Data extracted from a collection:

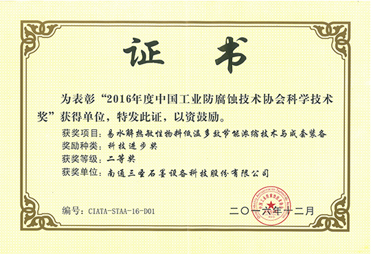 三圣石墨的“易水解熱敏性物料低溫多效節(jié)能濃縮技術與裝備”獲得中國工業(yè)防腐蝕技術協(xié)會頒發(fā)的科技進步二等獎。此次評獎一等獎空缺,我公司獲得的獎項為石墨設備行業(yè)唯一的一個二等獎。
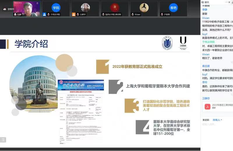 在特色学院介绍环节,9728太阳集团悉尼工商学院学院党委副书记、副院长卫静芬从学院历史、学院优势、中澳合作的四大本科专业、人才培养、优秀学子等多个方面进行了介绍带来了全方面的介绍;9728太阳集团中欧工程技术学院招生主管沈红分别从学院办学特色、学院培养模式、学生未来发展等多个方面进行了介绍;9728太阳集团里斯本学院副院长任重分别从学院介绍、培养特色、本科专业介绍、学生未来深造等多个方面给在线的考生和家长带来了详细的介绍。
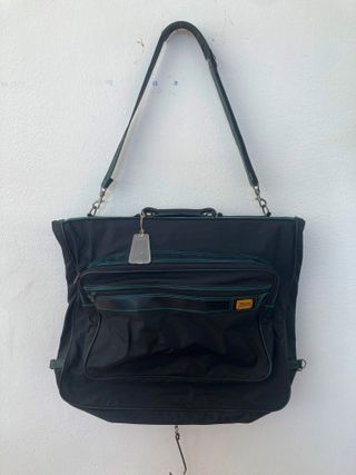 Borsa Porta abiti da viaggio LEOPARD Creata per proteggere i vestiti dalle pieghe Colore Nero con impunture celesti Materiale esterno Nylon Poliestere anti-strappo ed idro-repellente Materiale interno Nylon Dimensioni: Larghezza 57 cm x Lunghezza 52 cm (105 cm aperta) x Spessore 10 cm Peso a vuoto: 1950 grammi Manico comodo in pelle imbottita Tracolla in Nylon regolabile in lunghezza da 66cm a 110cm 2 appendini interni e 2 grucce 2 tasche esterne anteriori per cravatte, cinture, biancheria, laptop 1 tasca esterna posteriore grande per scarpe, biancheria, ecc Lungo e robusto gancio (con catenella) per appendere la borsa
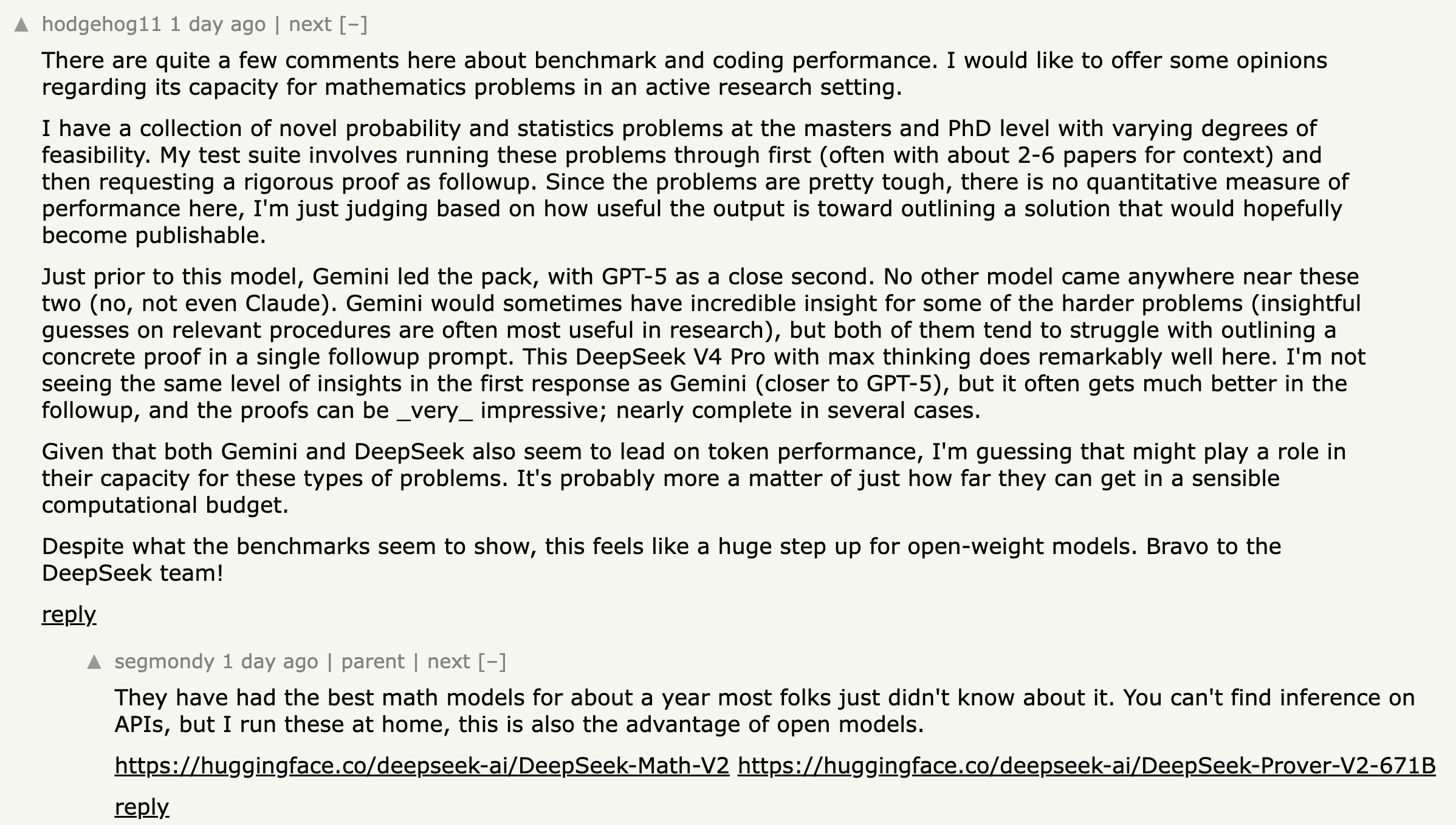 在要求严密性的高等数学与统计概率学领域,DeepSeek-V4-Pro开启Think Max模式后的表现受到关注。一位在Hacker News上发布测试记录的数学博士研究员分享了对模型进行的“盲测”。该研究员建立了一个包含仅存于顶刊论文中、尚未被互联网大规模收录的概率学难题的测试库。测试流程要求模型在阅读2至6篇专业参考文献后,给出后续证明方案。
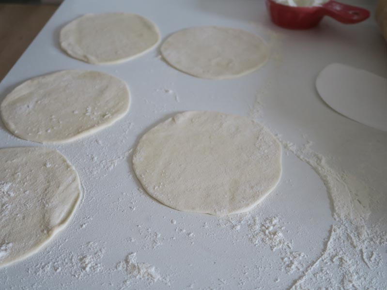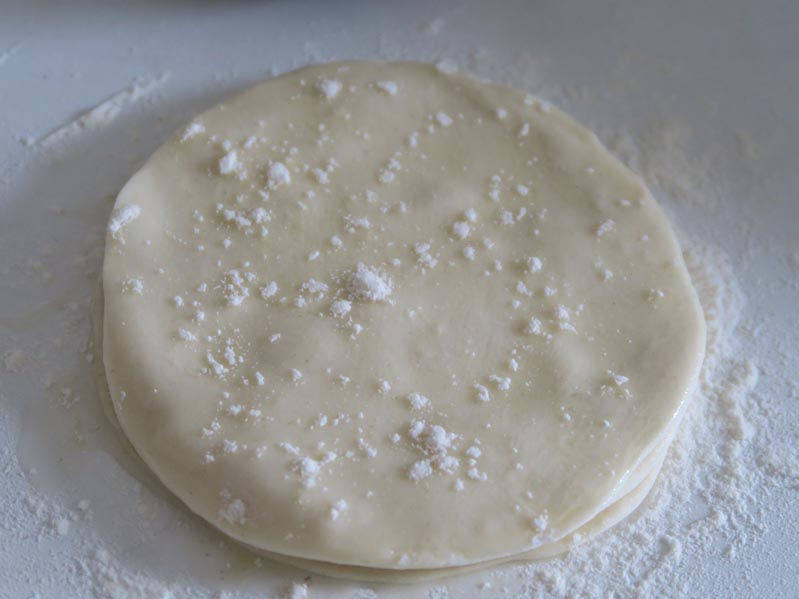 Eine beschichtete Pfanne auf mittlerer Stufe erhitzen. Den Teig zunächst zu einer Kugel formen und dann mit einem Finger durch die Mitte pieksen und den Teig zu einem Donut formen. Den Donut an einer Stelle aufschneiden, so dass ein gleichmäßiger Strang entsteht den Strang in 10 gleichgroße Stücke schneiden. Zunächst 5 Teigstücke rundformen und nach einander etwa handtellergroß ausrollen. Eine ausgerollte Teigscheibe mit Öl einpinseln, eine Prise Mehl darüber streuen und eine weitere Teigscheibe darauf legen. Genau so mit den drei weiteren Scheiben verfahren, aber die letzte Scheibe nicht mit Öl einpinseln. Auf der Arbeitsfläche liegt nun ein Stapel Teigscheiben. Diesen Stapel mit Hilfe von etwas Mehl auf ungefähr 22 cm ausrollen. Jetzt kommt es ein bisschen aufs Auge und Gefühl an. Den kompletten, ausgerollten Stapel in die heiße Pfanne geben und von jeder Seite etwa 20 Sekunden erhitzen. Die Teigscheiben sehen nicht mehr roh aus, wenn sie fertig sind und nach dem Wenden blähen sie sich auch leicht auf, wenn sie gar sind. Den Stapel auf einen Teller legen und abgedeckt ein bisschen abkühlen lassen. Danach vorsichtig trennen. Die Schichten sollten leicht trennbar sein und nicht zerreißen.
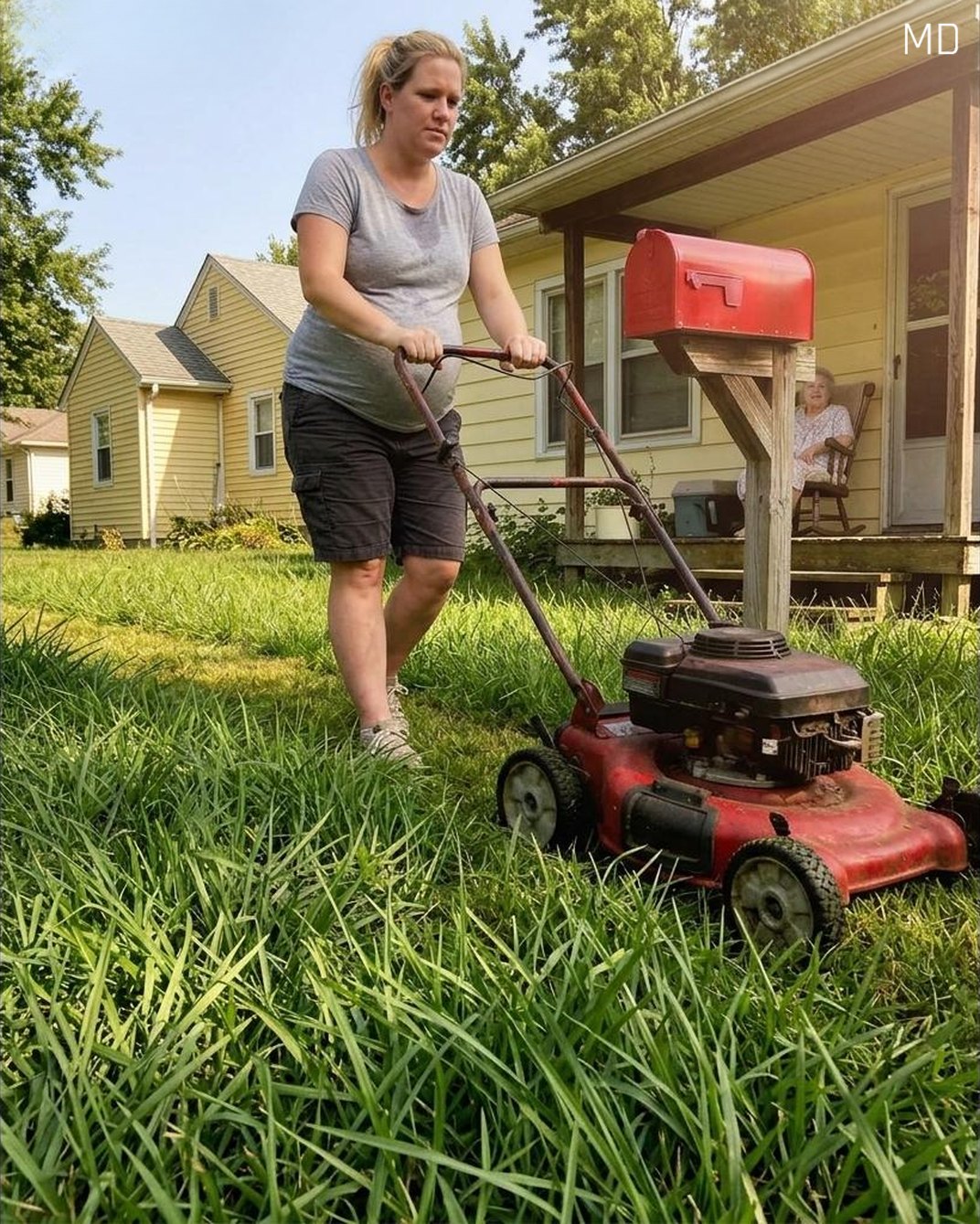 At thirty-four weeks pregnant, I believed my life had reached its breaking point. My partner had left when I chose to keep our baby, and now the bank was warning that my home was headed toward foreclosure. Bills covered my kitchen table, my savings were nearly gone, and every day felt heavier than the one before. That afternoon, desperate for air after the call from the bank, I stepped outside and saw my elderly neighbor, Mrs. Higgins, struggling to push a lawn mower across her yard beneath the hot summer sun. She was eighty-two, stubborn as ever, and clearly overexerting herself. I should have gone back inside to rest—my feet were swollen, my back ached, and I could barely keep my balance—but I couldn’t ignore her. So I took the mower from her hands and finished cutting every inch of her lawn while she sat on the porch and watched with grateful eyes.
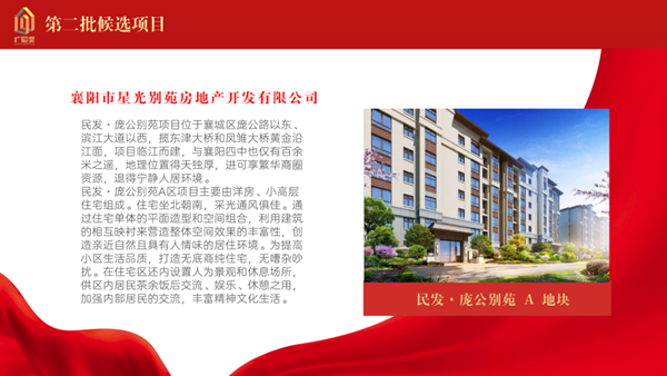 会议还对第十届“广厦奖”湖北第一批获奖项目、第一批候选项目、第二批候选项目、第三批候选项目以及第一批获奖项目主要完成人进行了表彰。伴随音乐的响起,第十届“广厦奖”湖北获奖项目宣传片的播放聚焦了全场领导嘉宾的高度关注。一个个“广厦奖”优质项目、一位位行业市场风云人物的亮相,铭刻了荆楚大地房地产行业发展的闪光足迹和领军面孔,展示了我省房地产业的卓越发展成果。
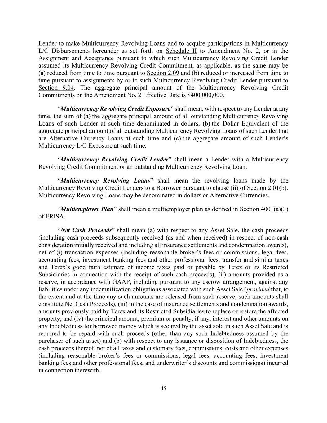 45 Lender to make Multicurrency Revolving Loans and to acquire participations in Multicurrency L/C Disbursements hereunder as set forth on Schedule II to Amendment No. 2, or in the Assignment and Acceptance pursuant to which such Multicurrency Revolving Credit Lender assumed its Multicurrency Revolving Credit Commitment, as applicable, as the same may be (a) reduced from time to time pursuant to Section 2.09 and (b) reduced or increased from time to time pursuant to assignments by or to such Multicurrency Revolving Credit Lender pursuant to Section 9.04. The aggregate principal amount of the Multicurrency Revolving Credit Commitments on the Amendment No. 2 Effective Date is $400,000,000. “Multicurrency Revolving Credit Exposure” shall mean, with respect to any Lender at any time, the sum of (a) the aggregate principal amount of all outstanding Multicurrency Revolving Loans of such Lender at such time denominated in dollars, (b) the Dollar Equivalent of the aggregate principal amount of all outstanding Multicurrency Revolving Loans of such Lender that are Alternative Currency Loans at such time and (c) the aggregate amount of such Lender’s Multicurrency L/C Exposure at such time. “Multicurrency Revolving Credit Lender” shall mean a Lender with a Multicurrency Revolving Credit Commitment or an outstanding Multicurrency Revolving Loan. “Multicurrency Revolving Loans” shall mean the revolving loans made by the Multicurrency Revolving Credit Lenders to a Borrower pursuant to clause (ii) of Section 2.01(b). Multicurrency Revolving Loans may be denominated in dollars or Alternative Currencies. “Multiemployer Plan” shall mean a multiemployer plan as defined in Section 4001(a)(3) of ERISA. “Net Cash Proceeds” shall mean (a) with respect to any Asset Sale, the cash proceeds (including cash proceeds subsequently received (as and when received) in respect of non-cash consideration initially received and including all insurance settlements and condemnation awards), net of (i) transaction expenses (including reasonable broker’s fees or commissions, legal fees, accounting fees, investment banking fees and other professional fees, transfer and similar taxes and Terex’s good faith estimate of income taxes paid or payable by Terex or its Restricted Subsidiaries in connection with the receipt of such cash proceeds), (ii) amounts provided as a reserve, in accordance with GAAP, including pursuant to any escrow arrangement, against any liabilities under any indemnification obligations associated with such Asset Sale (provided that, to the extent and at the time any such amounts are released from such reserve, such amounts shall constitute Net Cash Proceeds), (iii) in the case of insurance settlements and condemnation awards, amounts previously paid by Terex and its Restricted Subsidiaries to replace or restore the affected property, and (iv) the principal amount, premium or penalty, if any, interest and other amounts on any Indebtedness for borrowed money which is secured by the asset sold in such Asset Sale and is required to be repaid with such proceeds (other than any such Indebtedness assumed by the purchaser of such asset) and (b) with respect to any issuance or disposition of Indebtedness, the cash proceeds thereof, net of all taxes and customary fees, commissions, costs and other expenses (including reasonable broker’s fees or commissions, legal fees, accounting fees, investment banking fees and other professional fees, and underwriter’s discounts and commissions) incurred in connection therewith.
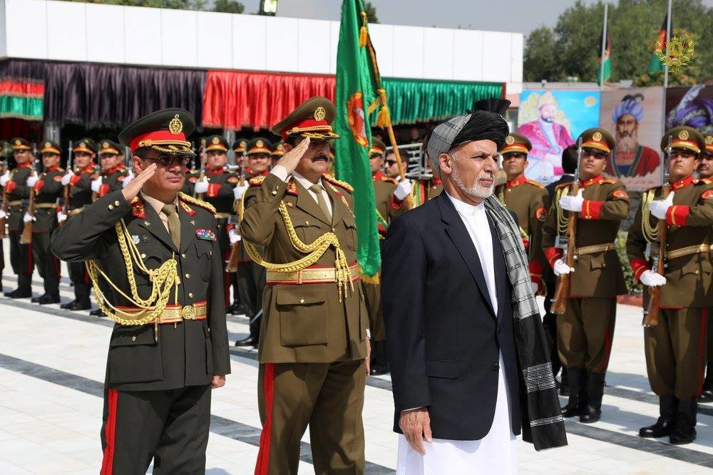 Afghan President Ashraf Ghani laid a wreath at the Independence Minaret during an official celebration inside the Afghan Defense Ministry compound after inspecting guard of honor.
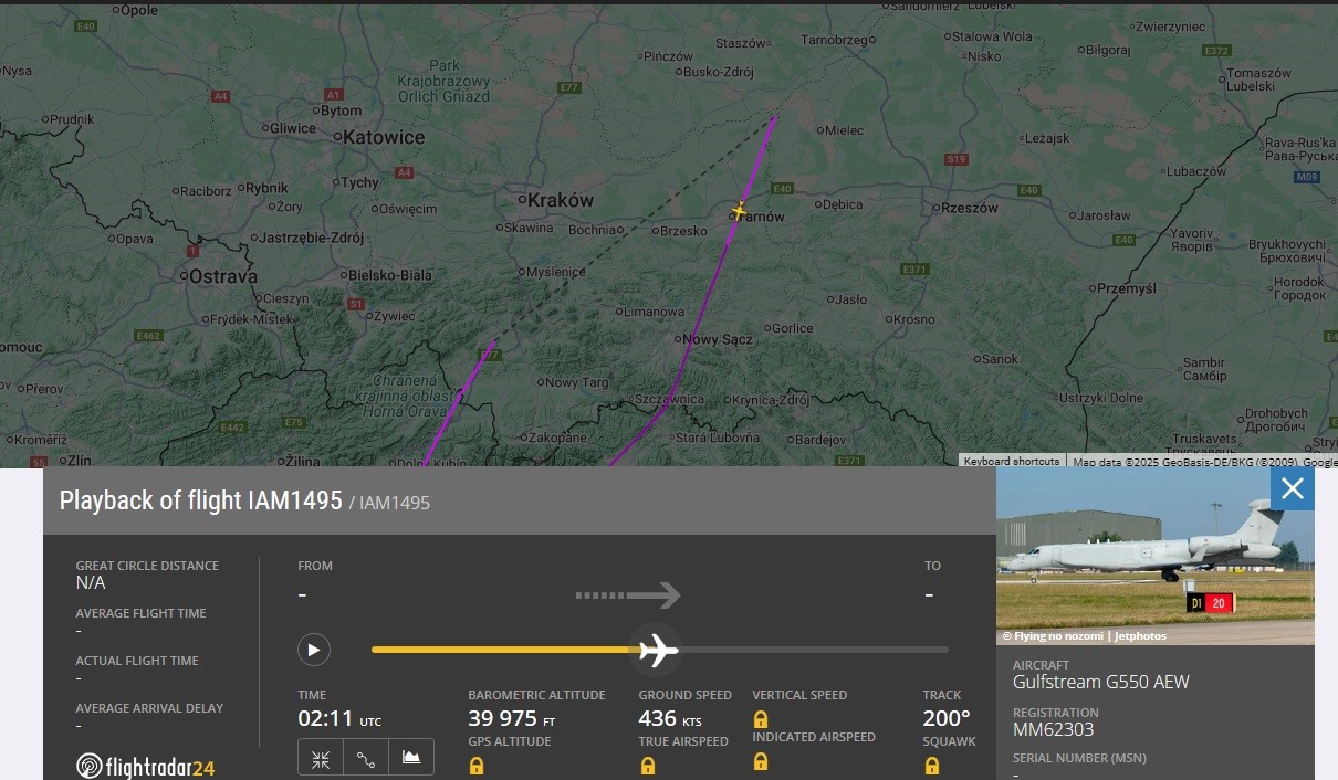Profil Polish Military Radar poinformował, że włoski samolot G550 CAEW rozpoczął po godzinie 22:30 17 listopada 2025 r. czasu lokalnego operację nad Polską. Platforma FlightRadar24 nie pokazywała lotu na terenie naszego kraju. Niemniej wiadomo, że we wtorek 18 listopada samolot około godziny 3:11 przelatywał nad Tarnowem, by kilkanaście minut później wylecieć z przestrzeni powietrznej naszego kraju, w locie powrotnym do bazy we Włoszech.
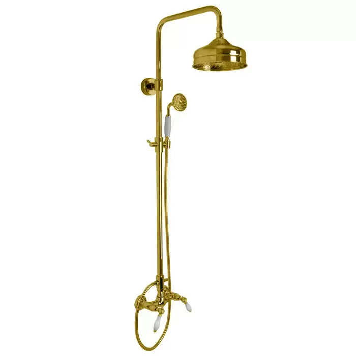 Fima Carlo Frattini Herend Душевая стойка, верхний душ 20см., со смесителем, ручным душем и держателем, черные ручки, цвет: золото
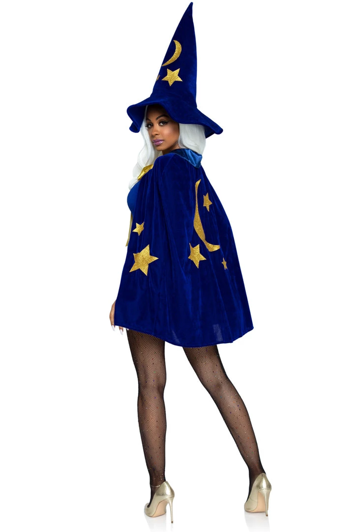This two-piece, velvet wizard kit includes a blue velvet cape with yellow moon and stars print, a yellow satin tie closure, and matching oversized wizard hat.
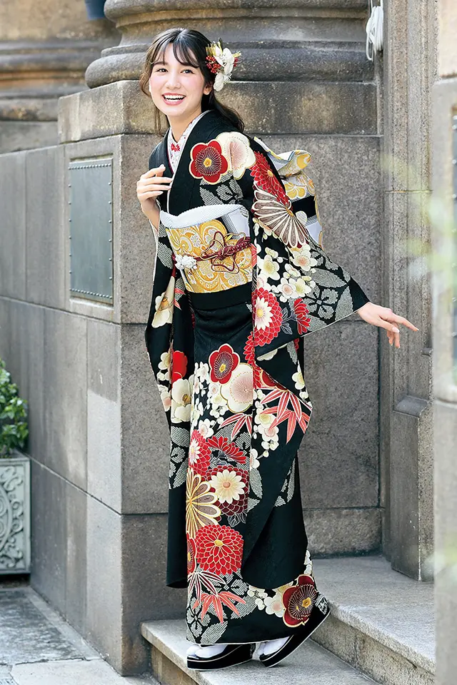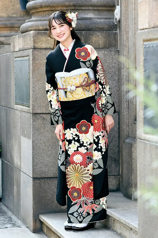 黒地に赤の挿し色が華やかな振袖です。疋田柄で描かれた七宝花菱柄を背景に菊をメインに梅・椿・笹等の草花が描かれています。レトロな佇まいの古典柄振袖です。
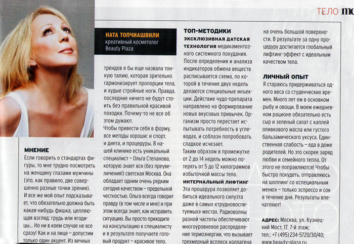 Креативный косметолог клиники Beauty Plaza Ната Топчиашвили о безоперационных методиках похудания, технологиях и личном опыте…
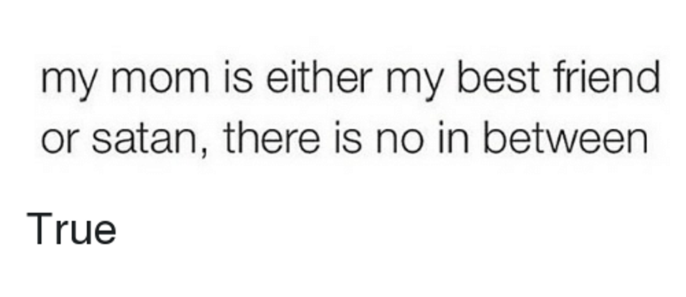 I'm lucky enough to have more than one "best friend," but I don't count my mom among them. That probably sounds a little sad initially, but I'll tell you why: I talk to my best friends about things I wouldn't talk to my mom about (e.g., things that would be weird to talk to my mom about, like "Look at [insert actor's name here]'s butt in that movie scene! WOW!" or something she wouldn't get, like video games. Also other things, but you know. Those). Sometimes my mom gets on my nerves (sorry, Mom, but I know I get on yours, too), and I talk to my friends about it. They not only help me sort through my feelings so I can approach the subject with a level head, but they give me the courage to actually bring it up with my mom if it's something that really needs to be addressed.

HOW TO COMPLETE THIS TASK:
Take the records from their first line through the line containing "在特色学院介绍环节,9728" and please return exactly those lines, both ends included, minus the pictures.

RESULT:
 三圣石墨的“易水解熱敏性物料低溫多效節(jié)能濃縮技術與裝備”獲得中國工業(yè)防腐蝕技術協(xié)會頒發(fā)的科技進步二等獎。此次評獎一等獎空缺,我公司獲得的獎項為石墨設備行業(yè)唯一的一個二等獎。
 在特色学院介绍环节,9728太阳集团悉尼工商学院学院党委副书记、副院长卫静芬从学院历史、学院优势、中澳合作的四大本科专业、人才培养、优秀学子等多个方面进行了介绍带来了全方面的介绍;9728太阳集团中欧工程技术学院招生主管沈红分别从学院办学特色、学院培养模式、学生未来发展等多个方面进行了介绍;9728太阳集团里斯本学院副院长任重分别从学院介绍、培养特色、本科专业介绍、学生未来深造等多个方面给在线的考生和家长带来了详细的介绍。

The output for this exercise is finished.